All accuracy numbers come from the RelBench benchmark (7 databases, 30 tasks, 103M+ rows, temporal splits). This is the only benchmark designed for multi-table relational data with proper temporal evaluation.
five_approaches_head_to_head
| Metric | Manual ML | AutoML | LLMs on Tables | Custom GNN | Foundation Model |
|---|---|---|---|---|---|
| AUROC (RelBench) | 62.44 | ~63-65 | 68.06 | 75.83 | 76.71 / 81.14 |
| Time to 1st Prediction | 3-6 months | 1-3 months | Hours | 3-6 months | Minutes |
| Cost for 10 Models | $1.5M-5M | $500K-2M | $200K-500K | $1M-3M | $100K-300K |
| Feature Engineering | 100% manual | 100% manual | None (serialized) | None (learned) | None (learned) |
| Team Required | 2-3 data scientists | 1 data scientist | 1 ML engineer | 2-3 GNN specialists | SQL-literate analyst |
| Multi-table Support | Manual joins | Manual joins | Serialization | Native graph | Native graph |
| Cold-start Entities | No | No | Limited | Yes | Yes |
| Marginal Cost/Task | $150K-500K | $100K-300K | $50K-100K | $50K-200K | Near-zero |
All accuracy numbers from RelBench (7 databases, 30 tasks, 103M+ rows, temporal splits). Foundation models lead on accuracy, speed, and cost simultaneously.

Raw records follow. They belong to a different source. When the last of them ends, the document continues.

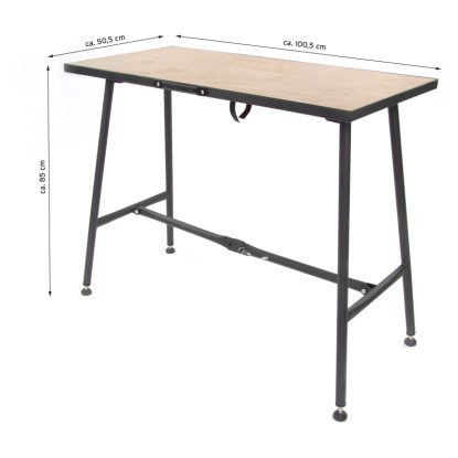 Die klappbare Werkbank BES0226F mit Holz-Arbeitsplatte mit FSC-Zertifizierung eignet sich ideal für den flexiblen Einsatz in Werkstatt und Hobbyraum. Dank der Klappfunktion lässt sie sich platzsparend verstauen und bei Bedarf schnell aufbauen. Die stabile Konstruktion sorgt für einen sicheren Stand während der Arbeit. Die Werkbank bietet eine praktische Arbeitsfläche für verschiedene handwerkliche Tätigkeiten.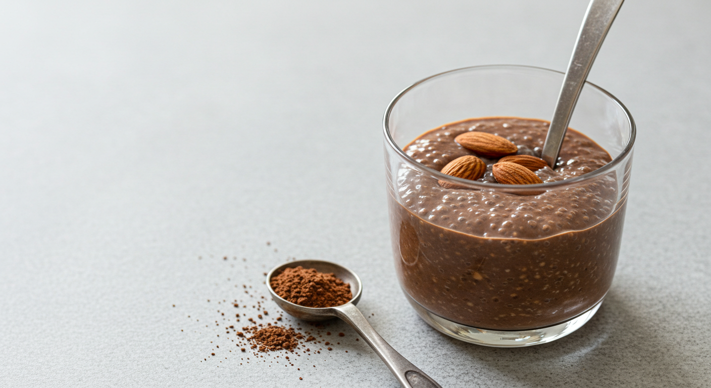 재료: 치아시드 3큰술, 아몬드 우유 1컵, 코코아 파우더 2큰술, 메이플 시럽 2큰술, 바닐라 에센스 1작은술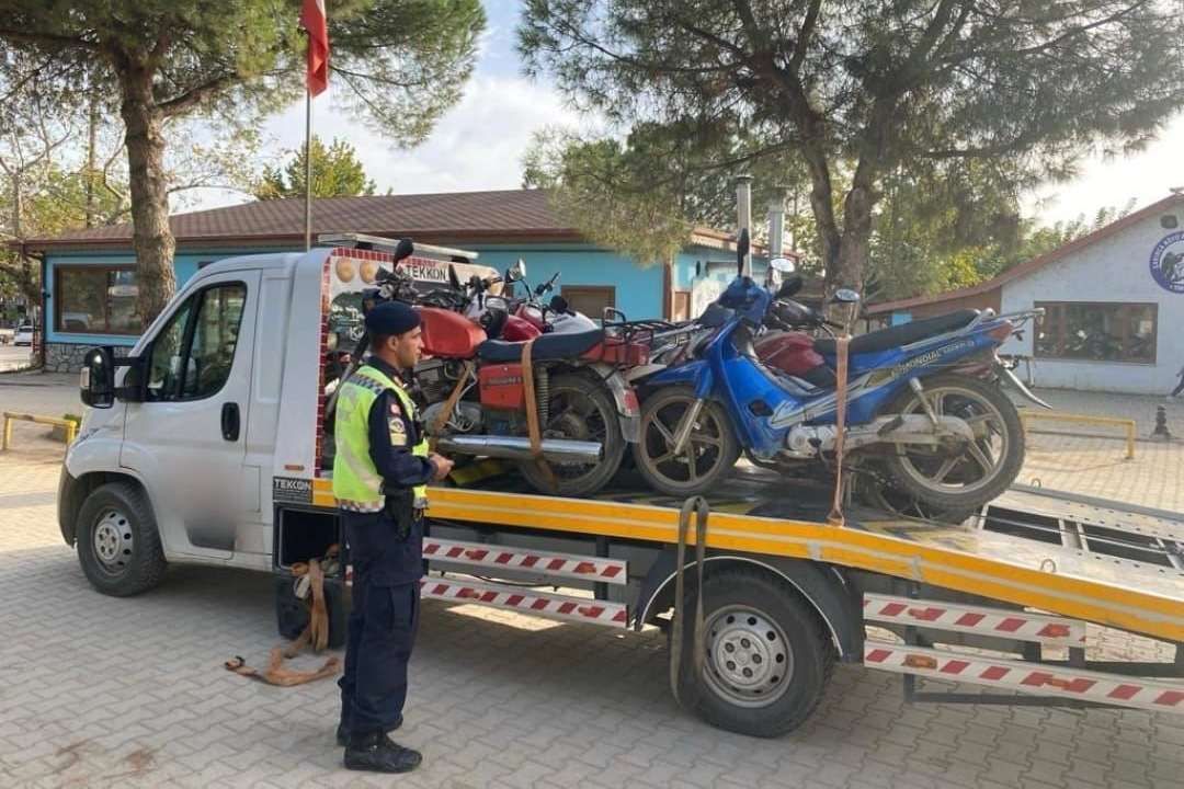 Bursa'nın İznik ilçesi Boyalıca Mahallesi’nde tescilsiz ve plakasız 8 adet motosiklet tespit edilirken, motosikletler muhafaza altına alınarak yediemin otoparkına çekildi. 1 otomobilin sorgulamasında araç ile plaka uyumsuzluğu olduğu, plakanın traktör plakası olduğunun tespit edilirken şahsa Resmi Belgede Sahtecilik suçundan adli işlem yapılarak, Trafik Jandarması tarafından 20 bin 302 TL idari para cezası kesildi. 1 erkek şahsın kullandığı plakasız motosikletin yapılan kontrollerde şase ve motor numaralarının kazılı olduğu tespit edilerek, şahsa resmi belgede sahtecilik suçundan adli işlem yapıldı. Uygulama sonucunda Jandarma tarafından 8 tescilsiz motosiklet, 1 şase ve motor numarası kazınmış motosiklet ile 1 sahte plakalı kamyonet olmak üzere 10 araç Yediemin Otoparkına çekilirken toplam 14 araca yasal işlemleri yapılarak 31 bin 23 TL idari para cezası uygulandı.
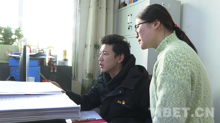 圖為江達(dá)縣委組織部副部長(zhǎng)劉成明與同事討論工作

Approach 1: Manual ML pipelines
A team of data scientists writes SQL to engineer features from your relational database, builds a flat feature table, trains a gradient-boosted model (XGBoost, LightGBM), and deploys it through a serving layer.
How it works
The data scientist studies the database schema, writes SQL joins across relevant tables, computes aggregate features (count, sum, average, max, min across time windows), trains a model on the flat output, tunes hyperparameters, validates with temporal splits, and deploys. Each new prediction task repeats this cycle.
Accuracy
On RelBench, LightGBM with features engineered by a Stanford-trained data scientist achieves 62.44 average AUROC on classification tasks. This is the best-effort result with unlimited time, full domain knowledge, and experienced practitioners. The accuracy ceiling is set by what the human can engineer, not by the model's capacity.
Time and cost
3 to 6 months per prediction model. Team of 2 to 3 data scientists at $200K to $300K fully loaded cost each. Per-model cost: $150K to $500K including infrastructure and opportunity cost. For 10 models: $1.5M to $5M over 2 to 3 years.
When it makes sense
- Single-table data where feature engineering is minimal
- Highly regulated domains requiring full feature transparency
- Established teams with deep domain expertise in the specific prediction
- One or two high-value models that justify the investment
When it breaks down
- Multi-table data requiring complex cross-table features
- More than 5 prediction tasks (cost scales linearly with tasks)
- Cold-start entities with no historical features
- Teams that cannot hire or retain data scientists
what_each_approach_sees_for_customer_C-482
| Signal | Manual ML | AutoML | LLM | GNN | Foundation Model |
|---|---|---|---|---|---|
| Own attributes (age, balance) | Yes | Yes | Yes | Yes | Yes |
| 30-day order count = 5 | Yes | Yes | Yes | Yes | Yes |
| Orders declining (5,4,3,2,1) | No (aggregated) | No (aggregated) | Partial | Yes | Yes |
| Bought same products as churners | No (3-hop) | No (3-hop) | No | Yes | Yes |
| Support agent has low resolution rate | No (2-hop) | No (2-hop) | No | Yes | Yes |
| Prediction accuracy (AUROC) | 62.44 | ~63-65 | 68.06 | 75.83 | 76.71 |
Highlighted: signals that only graph-based approaches capture. The 14-point AUROC gap between manual ML and foundation models comes from these invisible multi-hop and temporal patterns.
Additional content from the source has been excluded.